I use the ORCA utility to graph various system and application metrics, and have recently run into a few problems. The application periodically crashes for no apparaent reason, and I haven’t had time to debug the issue (once I get a core file I will figure this out). Since I rely on the graphs to trend server and application capacity, I want to ensure that the application gets restarted each time a failure occurs. Since ORCA is running on a Solaris 10 server, I decided to convert the existing start/stop scripts to Solaris 10 SMF manifests. To begin the conversion process, I first created a shell script that would be able to start up ORCA and clear any lockfiles that are present:

$ cat /usr/local/bin/orca.start

#!/bin/sh

if [ -d /var/orca/configs/orcallator.cfg.lock ]
then
        logger -p daemon.notice "Removing orca lockfile"
        rm -rf /var/orca/configs/orcallator.cfg.lock
fi

logger -p daemon.notice "Starting orca in daemon mode"

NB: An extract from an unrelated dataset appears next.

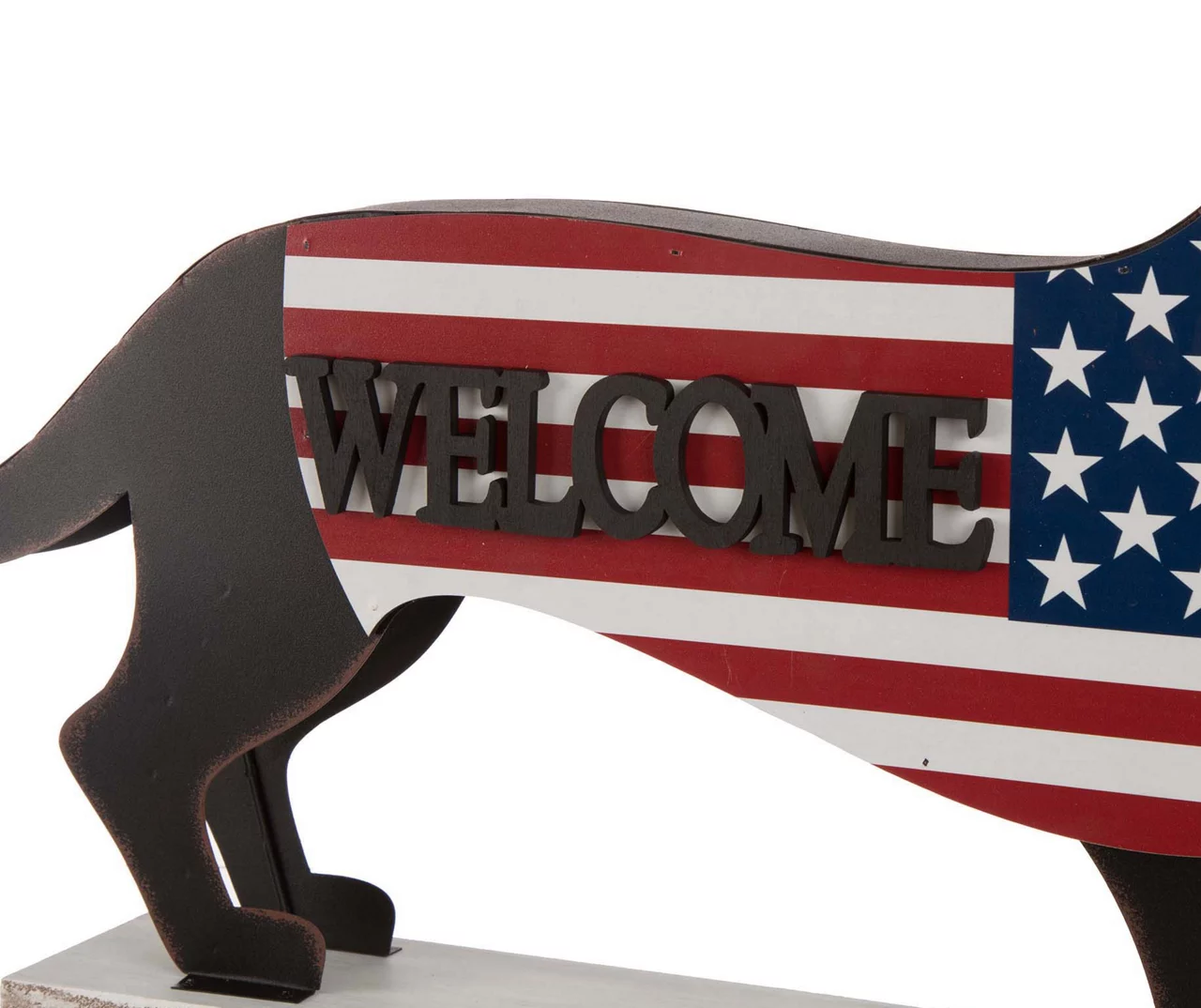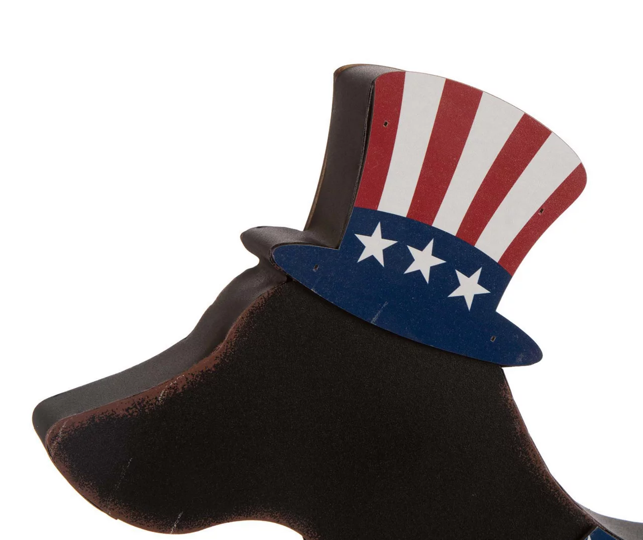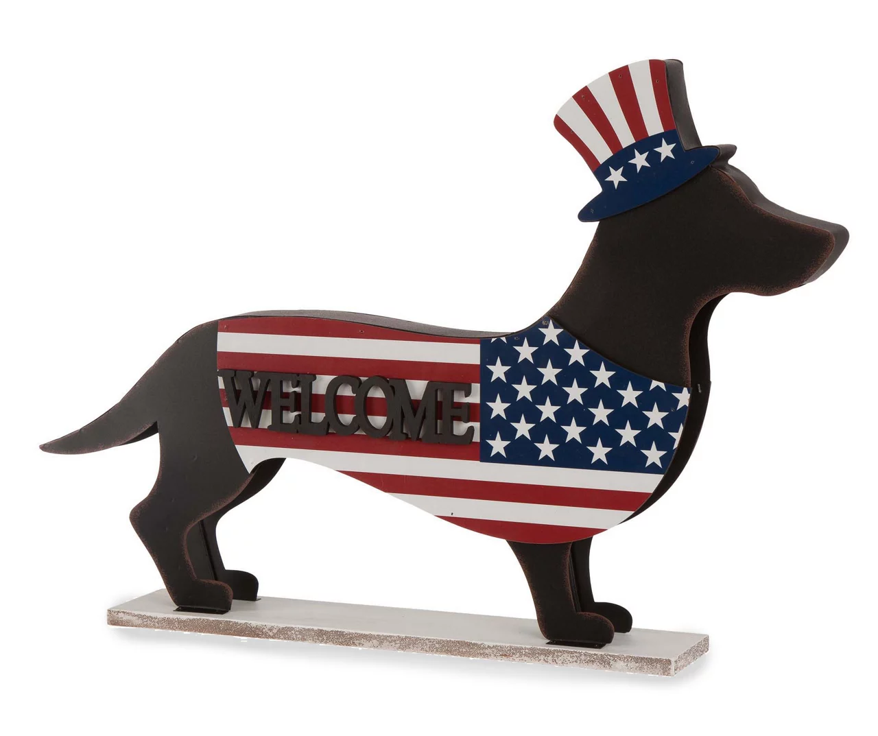 Perch this two-sided Dachshund to greet guests with patriotic flair. Its painted with an American flag and Uncle Sam hat to add color to any surface. Whether placed in an entryway, on a table or in a living space, it’s a fetching accent.

/usr/local/bin/orca -logfile /var/logs/orcallator.log \
                   -daemon /var/orca/configs/orcallator.cfg

Once I verified that the script worked correctly, I created an SMF manifest with a stop and start method and no dependencies:

$ cat orca.xml

<?xml version="1.0"?>
<!DOCTYPE service_bundle SYSTEM "/usr/share/lib/xml/dtd/service_bundle.dtd.1">

<tservice_bundle type='manifest' name='orca'>

<service
    name="application/orca"
    type="service"
    version="1">

    <create_default_instance enabled="true"/>

    <exec_method
          type='method'
          name='start'
          exec='/usr/local/bin/orca.start'
          timeout_seconds='0'>
    </exec_method>

    <exec_method
           type='method'
           name='stop'
           exec=':kill -15'
           timeout_seconds='3'>
    </exec_method>
</service>
</service_bundle>

After the manifest was created, I used the svccfg ‘validate’ option to verify the structure of the XML document:

$ svccfg validate orca.xml

$ echo $?
0

If svccfg encounters an error, it will display an error on the console, and return a non-zero return code. If the XML document validates, the svccfg ‘import’ option can be used to import the manifest into the SMF repository:

$ svccfg import orca.xml

Once the manifest has been imported into the SMF repository, the svccfg ‘listprop’ option can be used to display the service’s properties:

$ svccfg -s application/orca listprop
start method
start/exec astring /opt/data/orca/scripts/orca.start
start/timeout_seconds count 0
start/type astring method
stop method
stop/exec astring “:kill -15”
stop/timeout_seconds count 3
stop/type astring method

All of this took me about 15 minutes, and now when ORCA crashes SMF restarts the process, which generates the following messages in the system logfile:

Nov 9 11:56:03 winnie root: [ID 702911 daemon.notice] Removing orca lockfile
Nov 9 11:56:03 winnie root: [ID 702911 daemon.notice] Starting orca in daemon mode

The SMF team did an awesome job with this!!